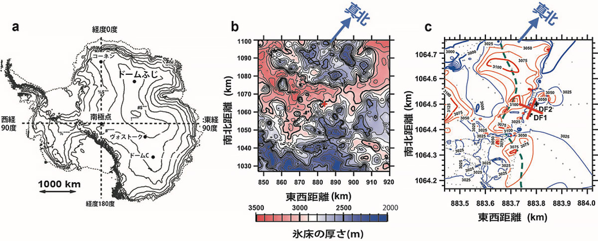 図1:ドームふじの位置と、掘削地点近傍の氷厚(氷床の厚さ)分布
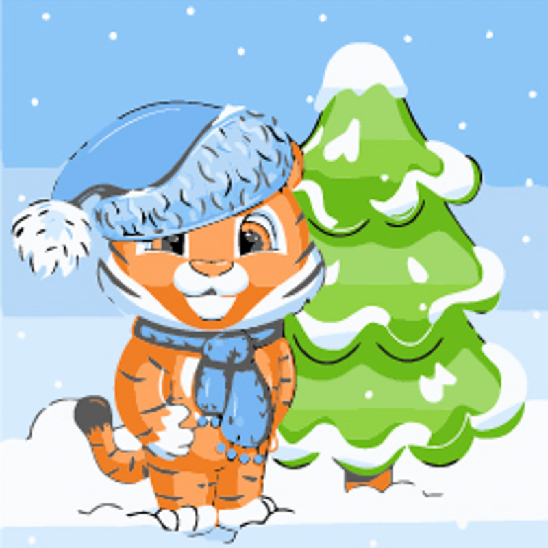 Картина за номерами Strateg Тигр з ялинкою розміром 30х30 см (ES232)
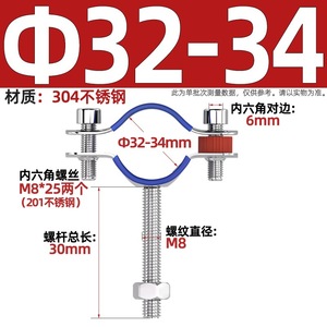 两头管夹Φ32-34调节50-75mm(带胶条)
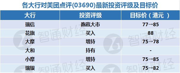 一、各大行对美团点评(03690)最新投资评级及目标价:
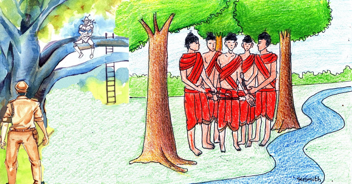 ఐదో వాడు మంత్రాలు చదివేటప్పటికి నదికి అవతల అడవిలో ఉన్న చెట్లు ఒక వంద, అక్కడికి వచ్చి చేరుకున్నాయి. ఆ చెట్లతో వంతెన కట్టి, కులాసాగా నడచుకొంటూ నదిని దాటాడు అతను!
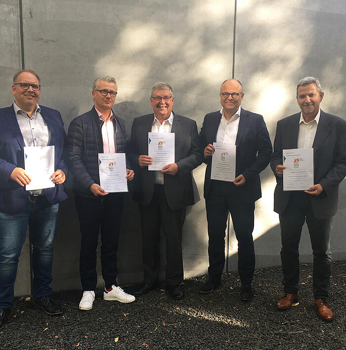 Unser Technischer Leiter Christian Stolper (1.von links) hatte die Ehre die Urkunde im Namen aller Beschäftigten der H. Gollwitzer GmbH entgegenzunehmen.
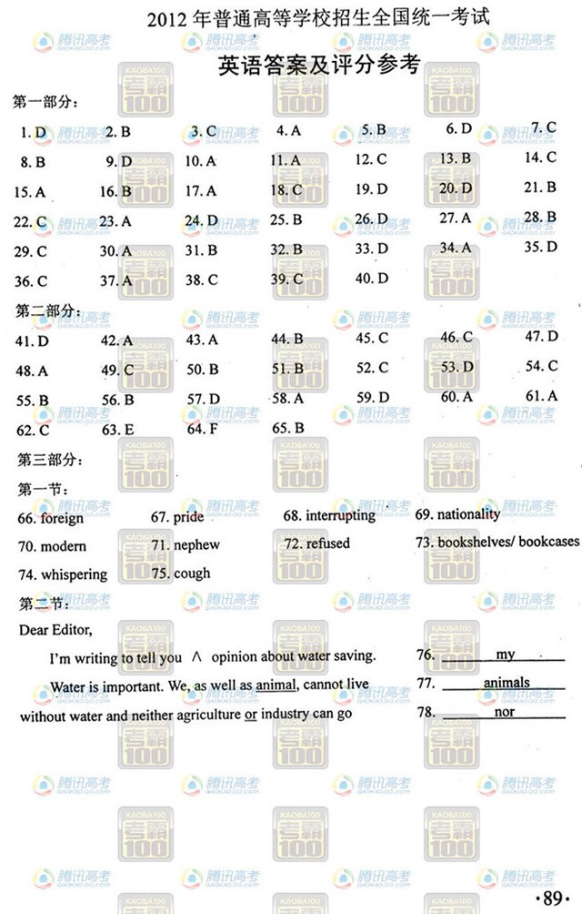 文章導(dǎo)讀:已經(jīng)發(fā)布由國(guó)家公布的2012年貴州高考英語(yǔ)答案,此答案包含試題以及答案和解析。更多貴州高考答案和試題請(qǐng)進(jìn)入查看。
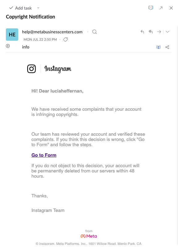Yesterday was Labor Day, the U.S. holiday celebrating the contributions of laborers and workers. But has anyone given a thought to the contributions of hard-working online scammers and con artists? No? Just look at their good work: I received this email last month from “Meta”. It looks pretty real, but it isn’t. When you click on “Go to Form” it takes you to the second page, which wants your Instagram username. And from there the scammers will attempt to steal your account.
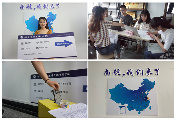 经过周密的前期准备,9月2日8点,91AV 迎新活动正式开始。核对录取通知书、登记个人信息、发放新生资料,一切都在井然有序地进行。本次活动的一大亮点是每位新生手持象征着正式成为民航研究生的登机牌;在“研途时光机”记录下对未来生活的期待和愿景,勉励自己不忘初心;用图钉在地图展板上标记家乡的位置并拍照留念。此刻来自五湖四海的同学们齐聚民航大家庭,有了一个共同的名字——“南航民航人”。
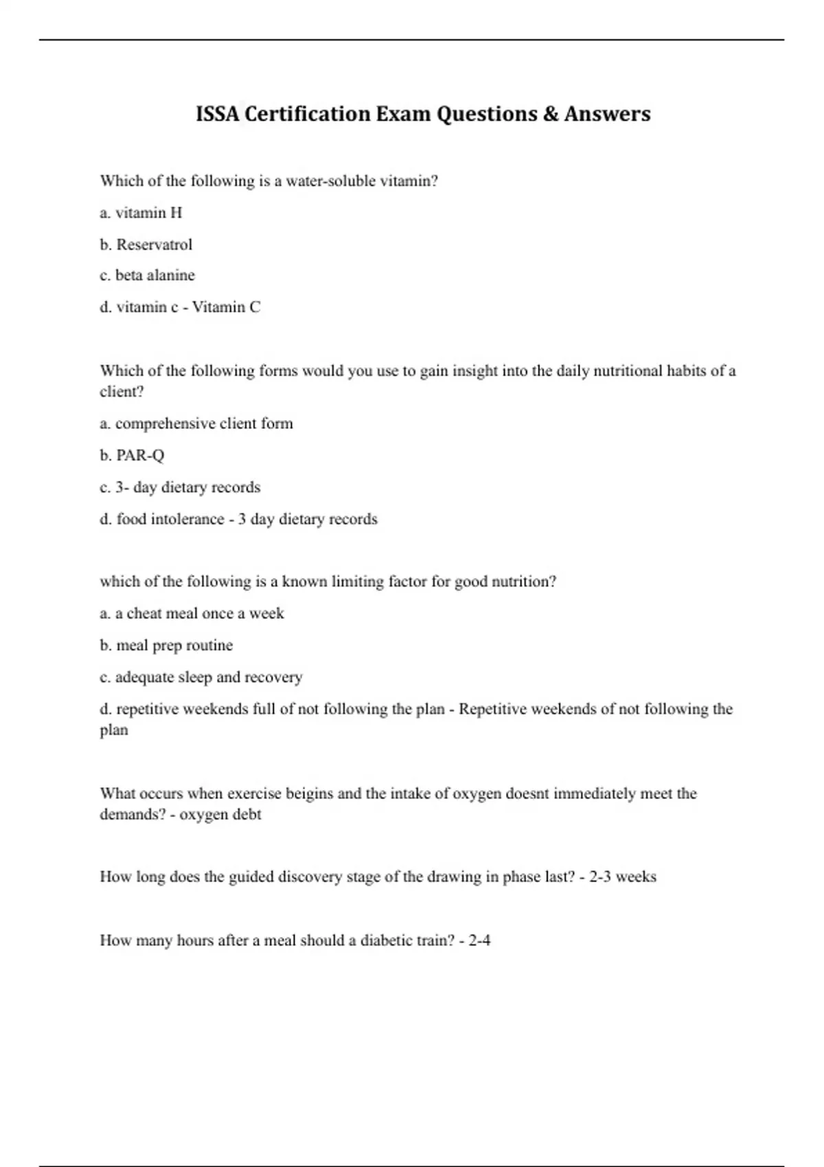 Which of the following is a water-soluble vitamin? a. vitamin H b. Reservatrol c. beta alanine d. vitamin c - Vitamin C Which of the following forms would you use to gain insight into the daily nutritional habits of a client? a. comprehensive client form b. PAR-Q c. 3- day dietary records d. food intolerance - 3 day dietary records which of the following is a known limiting factor for good nutrition? a. a cheat meal once a week b. meal prep routine c. adequate sleep and recovery d. repetitive weekends full of not following the plan - Repetitive weekends of not following the plan What occurs when exercise beigins and the intake of oxygen doesnt immediately meet the demands? - oxygen debt How long does the guided discovery stage of the drawing in phase last? - 2-3 weeks How many hours after a meal should a diabetic train? - 2-4which of the following is an example of polyunsaturated fatty acid? a. Omega 6 b. oleic acid c. amino acids d. Vitamin K - Omega 6 Which of the following stabilizes the knee on the posterior side? Sartorius gracilis hamstrings quadriceps - Hamstrings what amount should a female have of fats per meal? - 1 thumb what special population are emiromental considerations such a pollen, allergies, and extreame temperatures are key to their training plan? - asthmatics which of the following is acceptable body fat range for male? 6-9% 10-14% 15-18% 19-23% - 19-23

★ ★ ★ ★

__Your assignment__
Using the records above, print exactly the lines between the ones containing "Картина за номерами" and "经过周密的前期准备,9月2日", inclusive, and nothing else; no pictures.

__Written response__
 Картина за номерами Strateg Тигр з ялинкою розміром 30х30 см (ES232)
 两头管夹Φ32-34调节50-75mm(带胶条)
 一、各大行对美团点评(03690)最新投资评级及目标价:
 ఐదో వాడు మంత్రాలు చదివేటప్పటికి నదికి అవతల అడవిలో ఉన్న చెట్లు ఒక వంద, అక్కడికి వచ్చి చేరుకున్నాయి. ఆ చెట్లతో వంతెన కట్టి, కులాసాగా నడచుకొంటూ నదిని దాటాడు అతను!
 Unser Technischer Leiter Christian Stolper (1.von links) hatte die Ehre die Urkunde im Namen aller Beschäftigten der H. Gollwitzer GmbH entgegenzunehmen.
 文章導(dǎo)讀:已經(jīng)發(fā)布由國(guó)家公布的2012年貴州高考英語(yǔ)答案,此答案包含試題以及答案和解析。更多貴州高考答案和試題請(qǐng)進(jìn)入查看。
Yesterday was Labor Day, the U.S. holiday celebrating the contributions of laborers and workers. But has anyone given a thought to the contributions of hard-working online scammers and con artists? No? Just look at their good work: I received this email last month from “Meta”. It looks pretty real, but it isn’t. When you click on “Go to Form” it takes you to the second page, which wants your Instagram username. And from there the scammers will attempt to steal your account.
 经过周密的前期准备,9月2日8点,91AV 迎新活动正式开始。核对录取通知书、登记个人信息、发放新生资料,一切都在井然有序地进行。本次活动的一大亮点是每位新生手持象征着正式成为民航研究生的登机牌;在“研途时光机”记录下对未来生活的期待和愿景,勉励自己不忘初心;用图钉在地图展板上标记家乡的位置并拍照留念。此刻来自五湖四海的同学们齐聚民航大家庭,有了一个共同的名字——“南航民航人”。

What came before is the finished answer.